3月12日付フロンティアによれば、国内の貿易量の7割を占めるとされる最大都市ヤンゴンの港湾で、貨物の滞留が深刻化している。貨物取扱業者やトラック業界関係者らは、「輸出量は平常時より9割減、輸入は8割減」と口をそろえる。
■必需品の輸入に不安
CDMの長期化は、輸出品の確保にも影響を与えている。国営紙グローバル・ニュー・ライト・オブ・ミャンマーによれば、東部モン州では、銀行の休業で送金が困難になった結果、ゾウコンニャクの原料を調達できず、加工施設が操業を一時停止した。
共同通信によれば、カジュアル衣料品「ユニクロ」と低価格ブランド「ジーユー(GU)」を展開するファーストリテイリングの取引先の縫製工場が14日、放火被害にあった。同社は、それまでにもミャンマーからの調達について「一部商品に生産や物流の遅延」が生じていることをNNAに認めている。放火被害でさらなる影響が懸念される。ロイター通信によれば、スウェーデンのH&Mは、ミャンマー工場への発注を見合わせている。

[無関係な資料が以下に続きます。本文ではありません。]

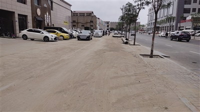 接到反映后,记者在永久路走访发现,该路的北段西侧大约有200多米长的非机动车道、便道成为土路,还有一些剩余的管道堆放在路边。路面坑洼不平,行人通过时鞋、裤子都落满了尘土。附近一家商铺的员工说:“不知是哪家单位施工后没有硬化路面,很影响我们的生意。”

懸念されるのは、海外から輸入される必需品の不足だ。ロイター通信によれば、CDMで銀行が休業に追い込まれていることを受け、海外の石油元売り業者が信用状での決済を渋るようになってきている。世界の燃料価格をまとめたサイト「グローバル・ペトロール・プライシース」によれば、ミャンマーのガソリン価格は、クーデターから3月8日までに2割上昇。物価高騰の兆しが出てきた。
大手コメ輸出業者のソ―・トゥン氏はフロンティアに、「仮に燃料が不足するようになれば、産業機械や建機、交通機関が止まってしまう」と懸念を示している。